The implied wage-price dynamic is a positive feedback loop. Faster wage growth pushes up costs for businesses; businesses raise output prices to maintain their margins; workers demand higher wages to keep up with the cost of living. It seems plausible. Yet, on further inspection, assertions of a wage-price spiral run afoul of basic economics.

Higher wages don’t cause inflation. They merely reflect inflation that’s already happening.

Economists have a pretty good understanding of the market forces that determine wages. As with nearly everything else, the place to start is supply and demand. Businesses’ demand for labor depends on productivity: the more workers are able to produce, the more employers are willing to pay. Workers’ supply of labor depends on the labor-leisure tradeoff; the higher the payoff from working, the more workers will give up their valuable leisure time. Wages will balance the labor-hours demanded with the labor-hours supplied.

Importantly, wages are a relative price: the price of rented labor. Remember that inflation is about prices in general. These are two very different phenomena. Wages are a matter of price theory, whereas the dollar’s purchasing power is a matter of monetary theory.

Focusing on the demand side of labor markets shows why the wage-price spiral is a bogus idea. Businesses can’t afford to pay workers more than the value they add to the production process. Suppose I own a Dunkin’ Donuts franchise. I currently have four employees on the morning shift. If I estimate that hiring a fifth worker will add $15 per hour to my bottom line, the absolute most I will pay that worker is $15 per hour. It doesn’t matter if the worker insists on more because of inflation; I’m not going to hire someone at a loss. Wages are pinned down by productivity. Inflation, which affects prices in general rather than the price of labor, doesn’t change this.

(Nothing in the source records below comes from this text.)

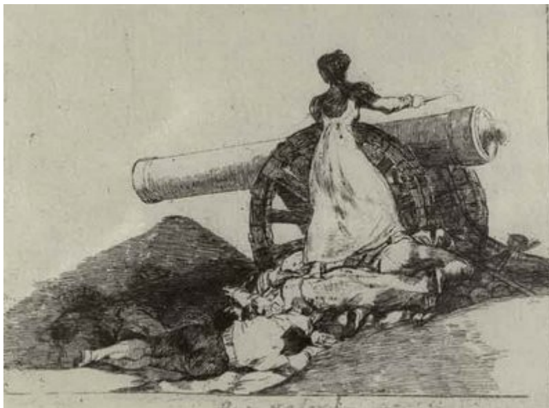
Goya- Agustina de Aragón

ejército regular que armaron a los habitantes, siendo sitiados por los ejércitos franceses. Fueron los llamados “ los sitios ” de Gerona (defendida por el General Álvarez de Castro) o Zaragoza , (defendida por el General Palafox, con la singular participación de la heroína popular Catalina de Aragón ) que desgastaban al ejército francés y daban tiempo a la organización de la resistencia en el resto del país.
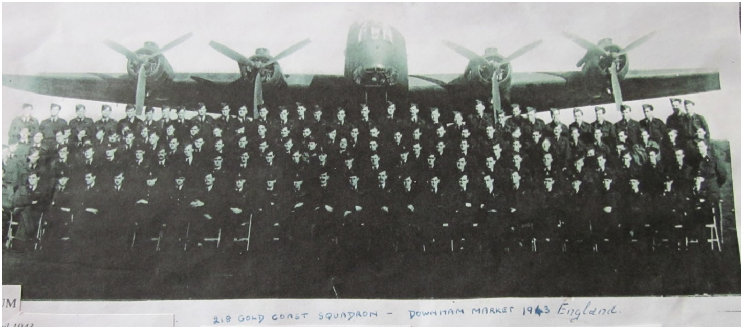
218 Gold Coast Squadron – Downham Market 1943 England – hvorfra besætningen kom.

Besætningen i Stirling EF 356 (HA-O) bestod af:
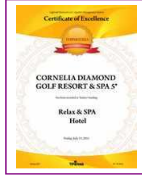
TOPHOTELS – Turkey's Leading Relax & SPA
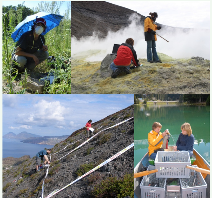
Feldarbeit am Tagliamento (2006, oben links), auf Vulcano (2008, oben rechts und unten links) und im Engadin (2007, unten rechts).

Jedes Jahr führt die academia als Höhepunkt eine Studienwoche in einem ausgewählten Forschungsgebiet durch. Während dieser Woche forschen die Teilnehmer an einem von ihnen speziell ausgesuchten Gruppenprojekt. Die Resultate werden in Postern an einem Präsentationsabend und auch als schriftlicher Bericht ausgearbeitet.
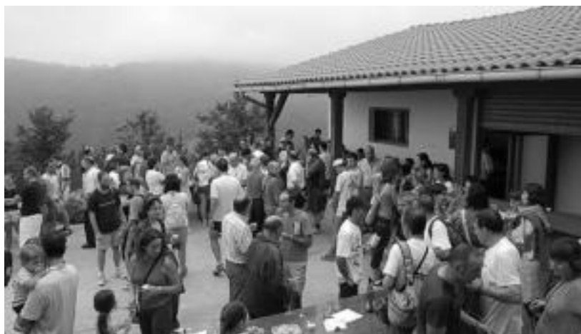
Hamaiketakoa. Lasterketaren ondoren, Santamañan bertan parte-hartzaileen artean sariak zozketatu zituzten, eta hamaiketakoa ere eskaini zuten. MADDI SOROA
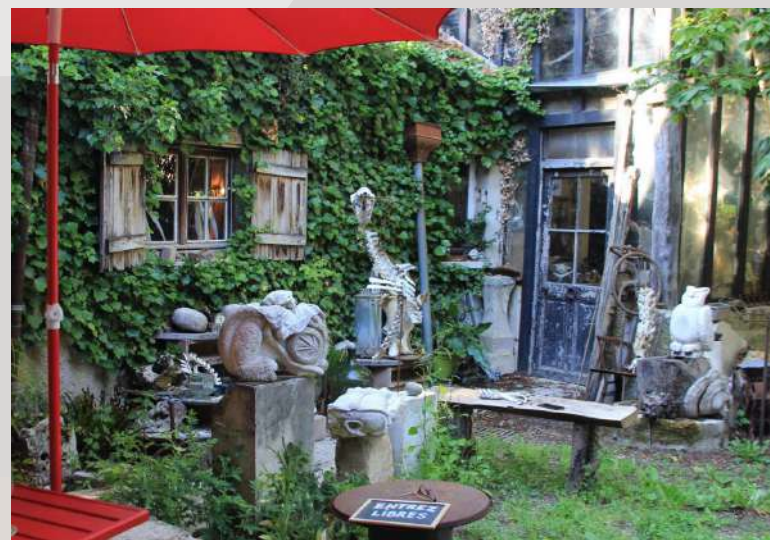
Café culturel associatif
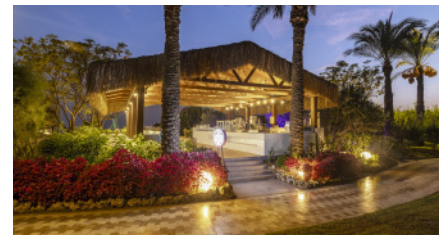
NEYZEN КАФЕ & РЕСТОРАН

According to the Atlanta Fed’s wage tracker, nominal (not adjusted for inflation) wages are rising at about 6 percent per year. This is slightly higher than year-over-year inflation (5.4 percent) and slightly lower than the annualized version of the most recent monthly rate (7.2 percent). Since labor productivity has fallen since the pandemic, there might be a partial link between labor markets and inflation on the supply side. But much of the wage growth we’re seeing reflects old-fashioned, monetary-expansion-induced, demand-side dollar devaluation. Causality runs from inflation to wage growth, not the other way around.

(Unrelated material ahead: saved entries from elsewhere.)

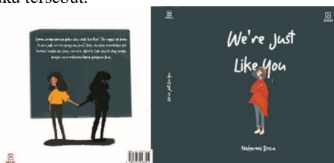
Gambar 4 5 Desain Sampul Buku

Penulis merancang sampul depan dan belakang buku dengan warna khas buku tersebut. Pada sampul buku tertulis judul buku yaitu “We’re Just Like You”, nama penulis, dan nama penerbit, kode ISBN, serta synopsis dari buku tersebut.
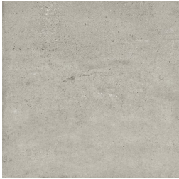
NERVI GRIS33 33 59X59
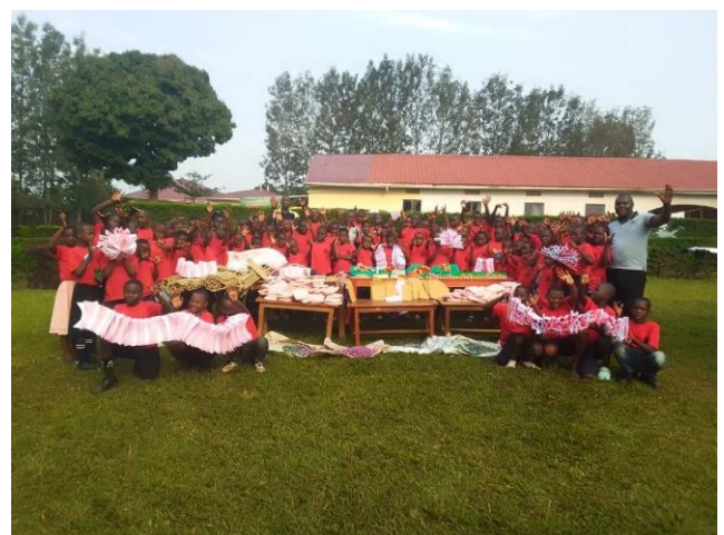
KINDER IM FERIENCAMP

ZU DEN AKTIVITÄTEN UND DIENSTLEISTUNGEN UNSERES SOZIALARBEITSPROGRAMMS GEHÖREN:
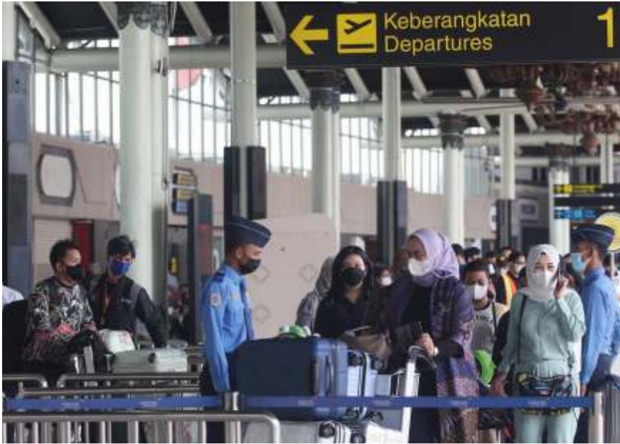
(Ilustrasi) Jelang momen mudik lebaran 2022, maskapai penerbangan diizinkan menaikkan harga tiket akibat kenaikan harga avtur. (foto-dok)

JAKARTA-Kementerian Perhubungan (Kemenhub) merestui maskapai penerbangan menaikkan harga tiket pesawat, menyusul adanya kenaikan harga minyak dan avtur dunia. Maskapai diizinkan melakukan penyesuaian biaya atau fuel surcharge pada angkutan udara penumpang dalam negeri. Warga yang berencana mudik menggunakan transportasi udara pun tampaknya harus bersiap merogok kocek lebih dalam.
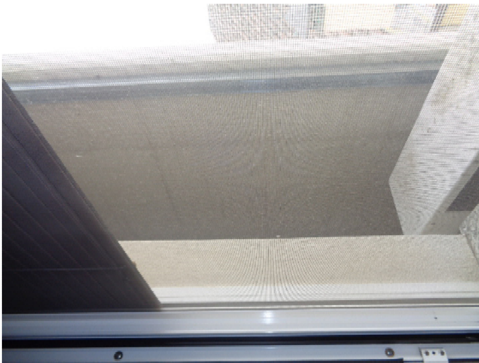
31. particolare dell'intercapedine dalla finestra della camera

Furman is right to insist the Fed continue tightening. The recent uptick in inflation is worrying, and the Fed needs to get a handle on the situation before higher inflation expectations become entrenched. But the Fed doesn’t need to take a sledgehammer to labor markets to ease the economy’s pricing pressures.

The Fed hiked its target for the federal funds rate eight times last year, with negligible, if any, harm to workers. As Alan Blinder recognizes, “Some observers insist that conquering inflation requires a recession. But that’s based on Phillips curve reasoning: high unemployment is supposedly needed to slow the growth of wages, which in turn will slow the growth of prices.” This faulty paradigm has proved wrong “for most of the 20th century,” and is conceptually incoherent, besides.

Stay the course, Mr. Powell, and don’t concern yourself with wages. Supply and demand will sort them out. Instead, get inflation-adjusted interest rates above zero and keep them there until the economy is convinced you mean business. The best thing you can do for workers is make the dollar’s purchasing power as predictable as possible by making inflation small and steady again.